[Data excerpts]

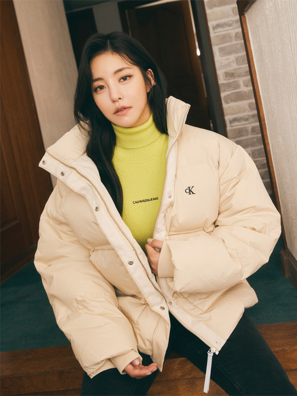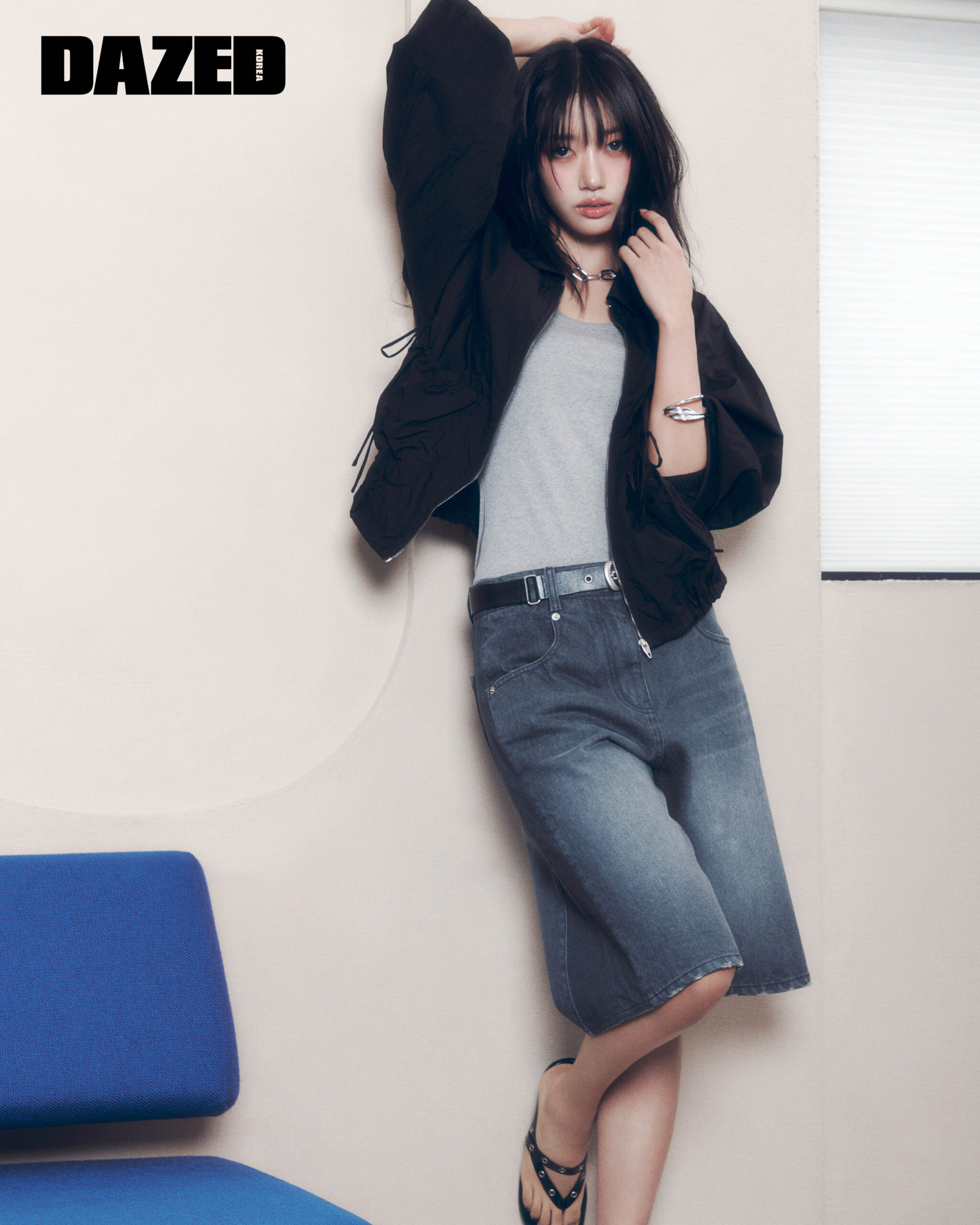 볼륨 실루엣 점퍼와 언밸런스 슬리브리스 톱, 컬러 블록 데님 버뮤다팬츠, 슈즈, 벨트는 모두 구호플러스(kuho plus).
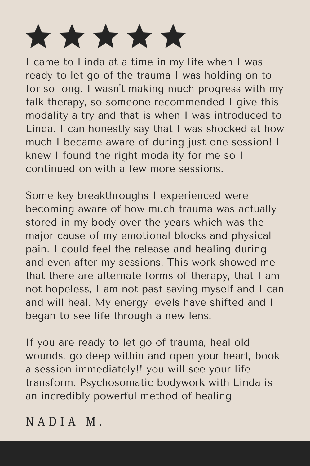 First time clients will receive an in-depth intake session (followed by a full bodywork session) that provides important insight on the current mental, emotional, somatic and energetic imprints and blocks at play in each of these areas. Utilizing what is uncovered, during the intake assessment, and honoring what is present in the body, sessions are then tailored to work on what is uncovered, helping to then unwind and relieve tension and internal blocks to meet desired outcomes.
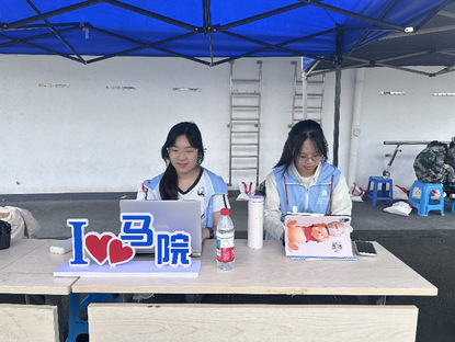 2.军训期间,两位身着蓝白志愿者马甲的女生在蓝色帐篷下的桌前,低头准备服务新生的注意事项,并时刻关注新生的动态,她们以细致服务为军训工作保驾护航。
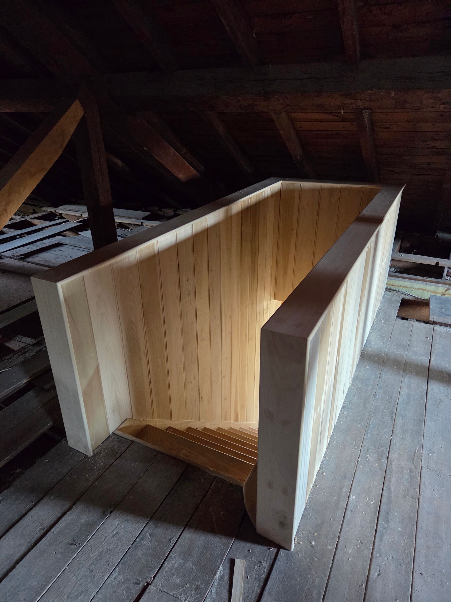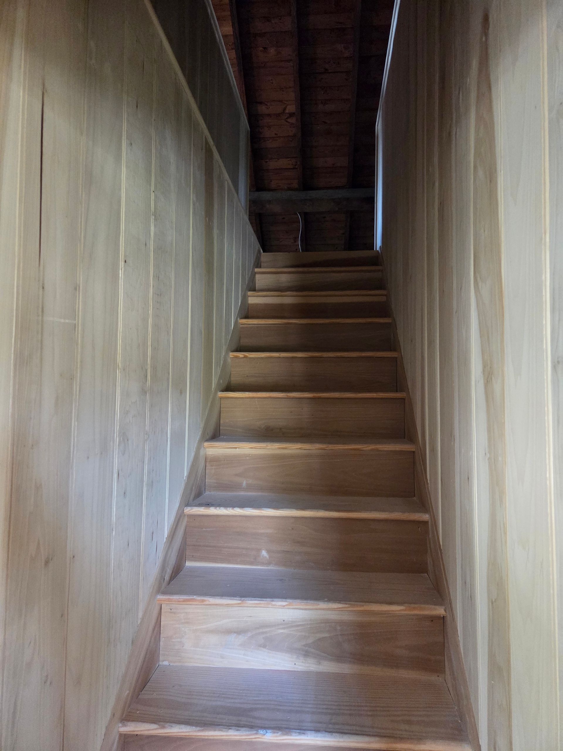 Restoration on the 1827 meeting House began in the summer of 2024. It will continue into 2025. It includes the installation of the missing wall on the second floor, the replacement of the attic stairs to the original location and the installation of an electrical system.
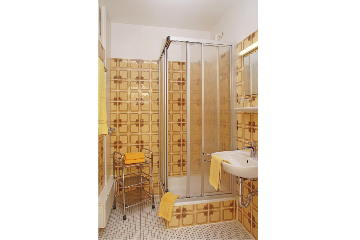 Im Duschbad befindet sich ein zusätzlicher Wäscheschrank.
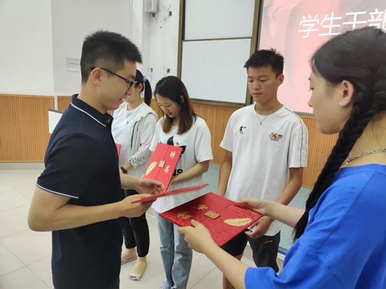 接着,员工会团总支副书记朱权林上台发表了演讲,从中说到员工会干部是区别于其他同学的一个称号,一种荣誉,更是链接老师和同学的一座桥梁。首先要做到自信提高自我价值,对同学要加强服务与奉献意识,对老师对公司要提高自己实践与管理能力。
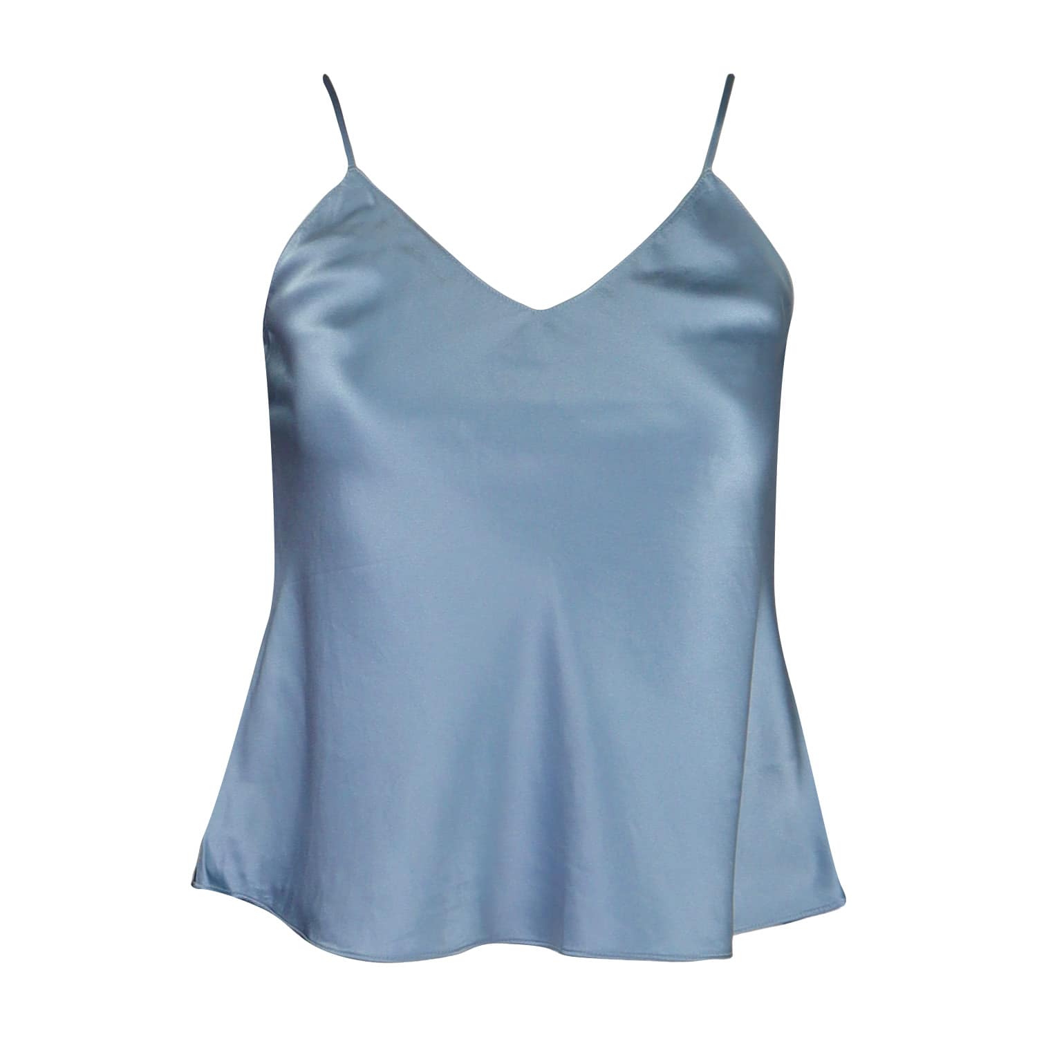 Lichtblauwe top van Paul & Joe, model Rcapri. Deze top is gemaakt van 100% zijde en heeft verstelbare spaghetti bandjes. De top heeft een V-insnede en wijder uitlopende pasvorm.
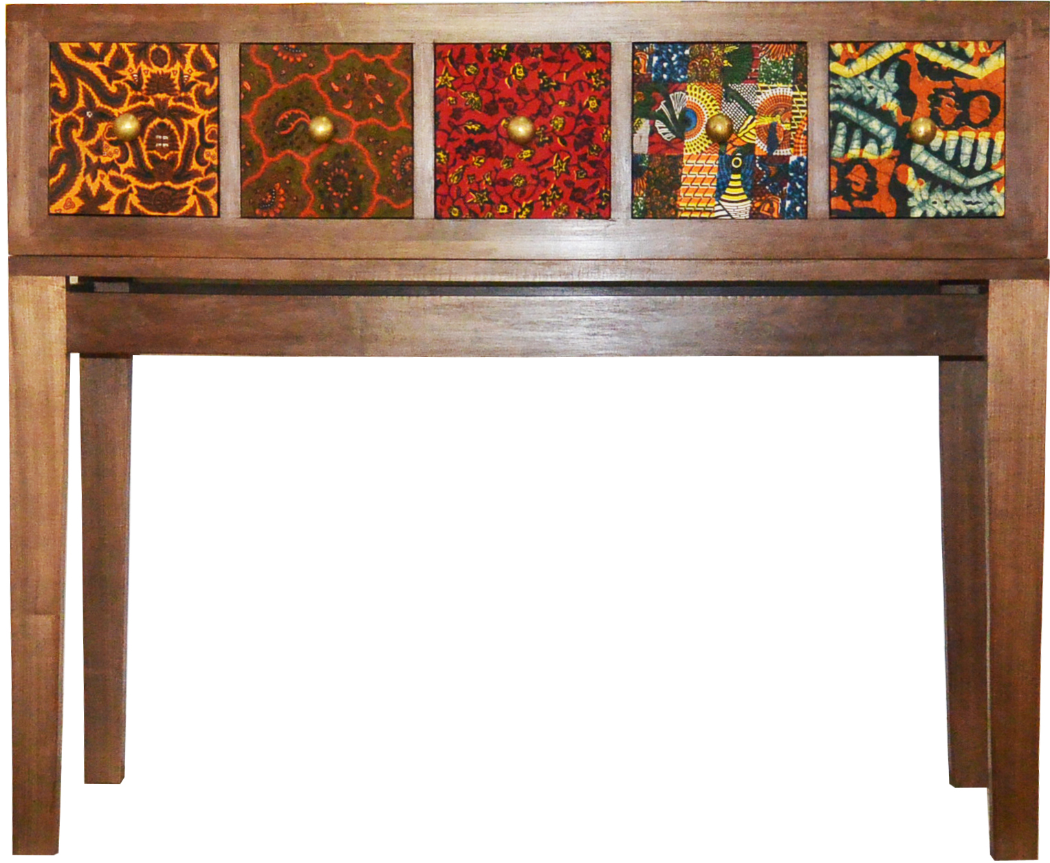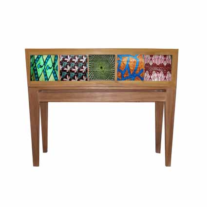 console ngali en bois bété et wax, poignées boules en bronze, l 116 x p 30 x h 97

• _Exercise directions_
Exact copy, pictures excluded: print only the lines from the line containing "Im Duschbad befindet" through the end of the records.

• _Task solution_
 Im Duschbad befindet sich ein zusätzlicher Wäscheschrank.
 接着,员工会团总支副书记朱权林上台发表了演讲,从中说到员工会干部是区别于其他同学的一个称号,一种荣誉,更是链接老师和同学的一座桥梁。首先要做到自信提高自我价值,对同学要加强服务与奉献意识,对老师对公司要提高自己实践与管理能力。
 Lichtblauwe top van Paul & Joe, model Rcapri. Deze top is gemaakt van 100% zijde en heeft verstelbare spaghetti bandjes. De top heeft een V-insnede en wijder uitlopende pasvorm.
 console ngali en bois bété et wax, poignées boules en bronze, l 116 x p 30 x h 97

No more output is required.